[libc-commits] [libc] [libc] Optimize BigInt→decimal in IntegerToString (PR #123580)

[via libc-commits]

================
@@ -164,6 +164,168 @@ template <size_t radix> using Custom = details::Fmt<radix>;
 
 } // namespace radix
 
+// Extract the low-order decimal digit from a value of integer type T. The
+// returned value is the digit itself, from 0 to 9. The input value is passed
+// by reference, and modified by dividing by 10, so that iterating this
+// function extracts all the digits of the original number one at a time from
+// low to high.
+template <typename T, cpp::enable_if_t<cpp::is_integral_v<T>, int> = 0>
+LIBC_INLINE uint8_t extract_decimal_digit(T &value) {
+  const uint8_t digit(static_cast<uint8_t>(value % 10));
+  // For built-in integer types, we assume that an adequately fast division is
+  // available. If hardware division isn't implemented, then with a divisor
+  // known at compile time the compiler might be able to generate an optimized
+  // sequence instead.
+  value /= 10;
+  return digit;
+}
+
+// A specialization of extract_decimal_digit for the BigInt type in big_int.h,
+// avoiding the use of general-purpose BigInt division which is very slow.

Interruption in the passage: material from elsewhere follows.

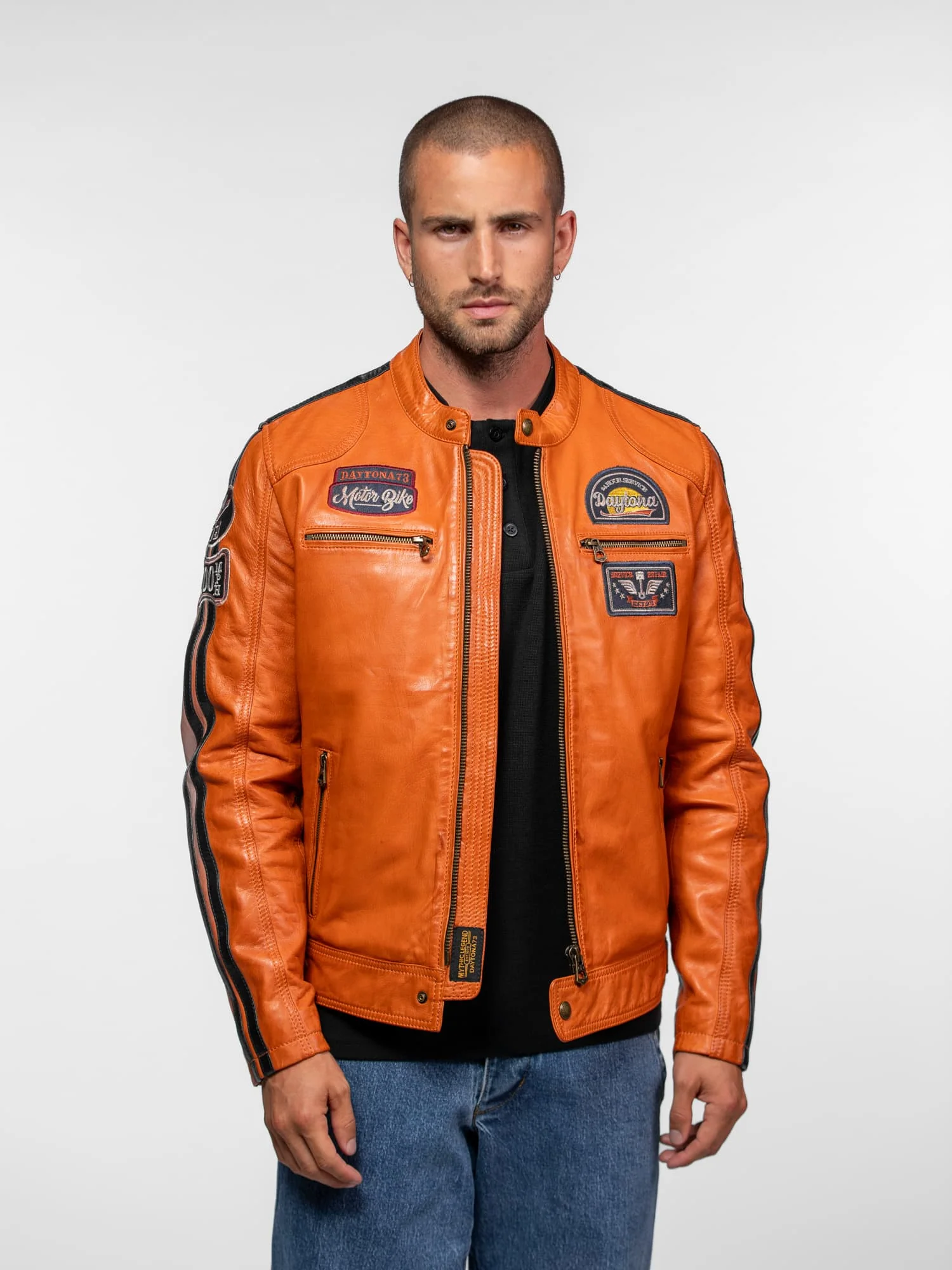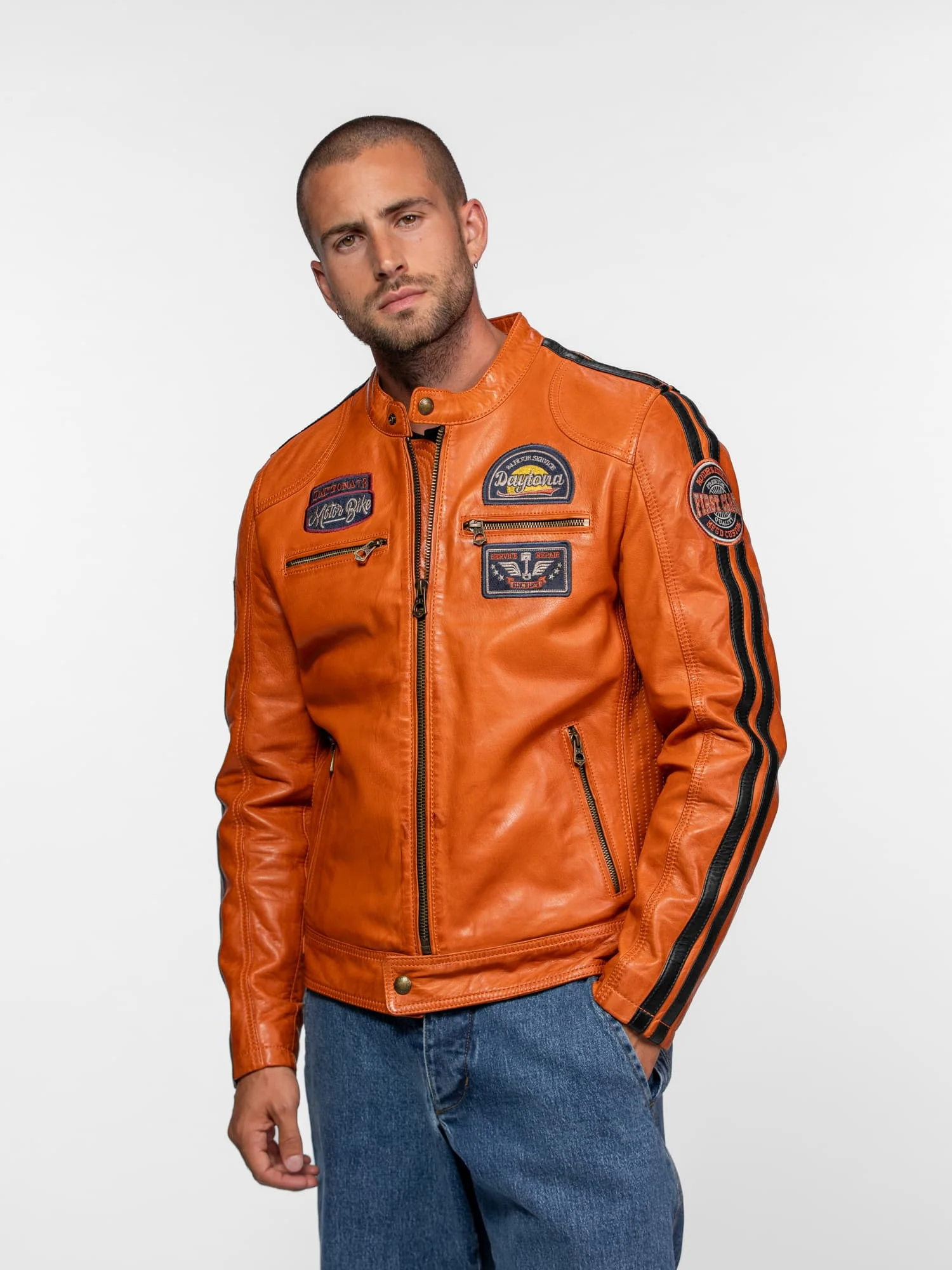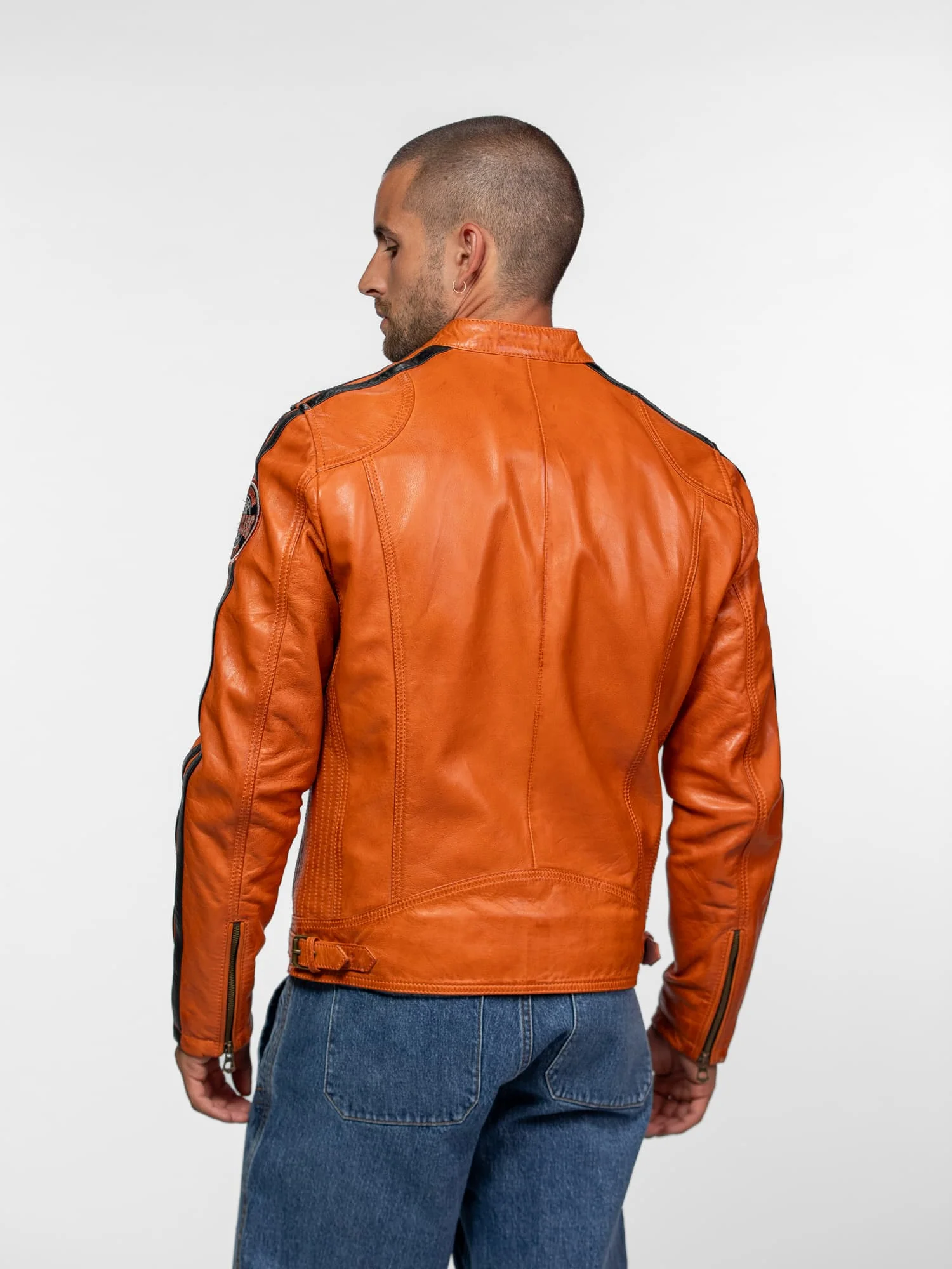 Mélange parfait de style rétro et de performance, ce blouson motard en cuir de mouton au tannage végétal est orné de patchs customisés, ajoutant une touche authentique à votre tenue. Il possède une coupe ajustée mettant en avant votre silhouette.

+template <typename T, cpp::enable_if_t<is_big_int_v<T>, int> = 0>
+LIBC_INLINE uint8_t extract_decimal_digit(T &value) {
+  // There are two essential ways you can turn n into (n/10,n%10). One is
+  // ordinary integer division. The other is a modular-arithmetic approach in
+  // which you first compute n%10 by bit twiddling, then subtract it off to get
+  // a value that is definitely a multiple of 10. Then you divide that by 10 in
+  // two steps: shift right to divide off a factor of 2, and then divide off a
+  // factor of 5 by multiplying by the modular inverse of 5 mod 2^BITS. (That
+  // last step only works if you know there's no remainder, which is why you
+  // had to subtract off the output digit first.)
+  //
+  // Either approach can be made to work in linear time. This code uses the
+  // modular-arithmetic technique, because the other approach either does a lot
+  // of integer divisions (requiring a fast hardware divider), or else uses a
+  // "multiply by an approximation to the reciprocal" technique which depends
+  // on careful error analysis which might go wrong in an untested edge case.
+
+  using Word = typename T::word_type;
+
+  // Find the remainder (value % 10). We do this by breaking up the input
+  // integer into chunks of size WORD_SIZE/2, so that the sum of them doesn't
+  // overflow a Word. Then we sum all the half-words times 6, except the bottom
+  // one, which is added to that sum without scaling.
+  //
+  // Why 6? Because you can imagine that the original number had the form
+  //
+  //   halfwords[0] + K*halfwords[1] + K^2*halfwords[2] + ...
+  //
+  // where K = 2^(WORD_SIZE/2). Since WORD_SIZE is expected to be a multiple of
+  // 8, that makes WORD_SIZE/2 a multiple of 4, so that K is a power of 16. And
+  // all powers of 16 (larger than 1) are congruent to 6 mod 10, by induction:
+  // 16 itself is, and 6^2=36 is also congruent to 6.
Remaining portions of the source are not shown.